** Opening Information supplied block **

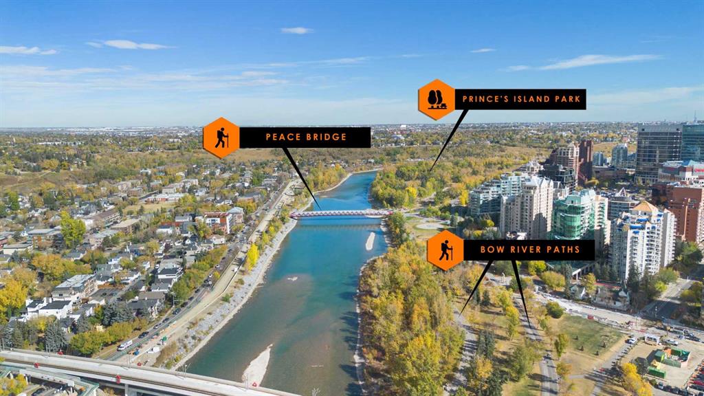 Welcome to Riverwest, where sophistication meets serenity at one of Calgary’s iconic and prestigious addresses in the Downtown West End. This exceptional corner suite spans over 2,000+sq.ft of pure elegance, 2 Bedroom+1 Den /Office ,wrapped in panoramic views of the Bow River, and dazzling city skyline—a rare fusion of natural beauty and urban vibrance. Wake up to breathtaking river views and wind down with city lights dancing on the water—every room in this home offers a front-row seat to Calgary’s finest scenery. Whether you’re sipping your morning coffee on one of the three private terraces, or entertaining guests against a backdrop of sunsets over the river, this home offers a lifestyle that’s as luxurious as it is unforgettable. Step inside and experience refined living with floor-to-ceiling windows that flood the space with natural light. The kitchen is both stylish and functional, featuring granite countertops, custom maple cabinetry, stainless-steel appliances, and a spacious breakfast bar—perfectly integrated with the open-concept dining and living areas to create a seamless space for cooking, dining, and entertaining. The primary suite is a private oasis designed for ultimate relaxation—complete with its own terrace, a walk-in closet, and a spa-like ensuite with a jetted soaker tub, glass shower, and dual vanity. A versatile third bedroom with sweeping views offers the perfect blend of function and style—ideal as a private home office, den, or guest room for the modern urban professional. This home is thoughtfully appointed with hardwood and tile flooring, central A/C, and two titled underground parking stalls for added comfort and convenience. As a resident of Riverwest, you’ll enjoy resort-style amenities including pool, gym, lounge area with ping pong/pool table, daytime concierge and overnight security. Step outside and you’re mere moments from the Bow River pathways, CTrain station, acclaimed restaurants, boutique shopping, and Calgary’s vibrant downtown core.
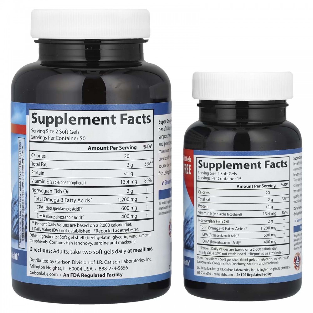 Carlson, Super Omega-3 Gems, омега-3 кислоти з риби дикого вилову, 1200 мг, 100 капсул (600 мг у капсулі)
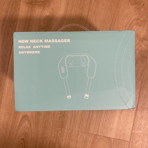 Neck & Shoulders Massager nakk- og skuldermassasjer apparat. Oppladbar massasjemaskin for nakke og skuldre med to hastighetsinnstillinger og varmefunksjon. Utformet som en krage som legges rundt nakken. Egnet til bruk hjemme for punktmassasje av nakke- og skulderparti. Drives av innebygd oppladbart batteri og lades via medfølgende kabel (ifølge originalemballasje). Brukt en gang

** Closing Information supplied block **

• _Try it_: Repeat every line above precisely; pictures do not belong in the copy.

• _Output_:
 Welcome to Riverwest, where sophistication meets serenity at one of Calgary’s iconic and prestigious addresses in the Downtown West End. This exceptional corner suite spans over 2,000+sq.ft of pure elegance, 2 Bedroom+1 Den /Office ,wrapped in panoramic views of the Bow River, and dazzling city skyline—a rare fusion of natural beauty and urban vibrance. Wake up to breathtaking river views and wind down with city lights dancing on the water—every room in this home offers a front-row seat to Calgary’s finest scenery. Whether you’re sipping your morning coffee on one of the three private terraces, or entertaining guests against a backdrop of sunsets over the river, this home offers a lifestyle that’s as luxurious as it is unforgettable. Step inside and experience refined living with floor-to-ceiling windows that flood the space with natural light. The kitchen is both stylish and functional, featuring granite countertops, custom maple cabinetry, stainless-steel appliances, and a spacious breakfast bar—perfectly integrated with the open-concept dining and living areas to create a seamless space for cooking, dining, and entertaining. The primary suite is a private oasis designed for ultimate relaxation—complete with its own terrace, a walk-in closet, and a spa-like ensuite with a jetted soaker tub, glass shower, and dual vanity. A versatile third bedroom with sweeping views offers the perfect blend of function and style—ideal as a private home office, den, or guest room for the modern urban professional. This home is thoughtfully appointed with hardwood and tile flooring, central A/C, and two titled underground parking stalls for added comfort and convenience. As a resident of Riverwest, you’ll enjoy resort-style amenities including pool, gym, lounge area with ping pong/pool table, daytime concierge and overnight security. Step outside and you’re mere moments from the Bow River pathways, CTrain station, acclaimed restaurants, boutique shopping, and Calgary’s vibrant downtown core.
 Carlson, Super Omega-3 Gems, омега-3 кислоти з риби дикого вилову, 1200 мг, 100 капсул (600 мг у капсулі)
 Neck & Shoulders Massager nakk- og skuldermassasjer apparat. Oppladbar massasjemaskin for nakke og skuldre med to hastighetsinnstillinger og varmefunksjon. Utformet som en krage som legges rundt nakken. Egnet til bruk hjemme for punktmassasje av nakke- og skulderparti. Drives av innebygd oppladbart batteri og lades via medfølgende kabel (ifølge originalemballasje). Brukt en gang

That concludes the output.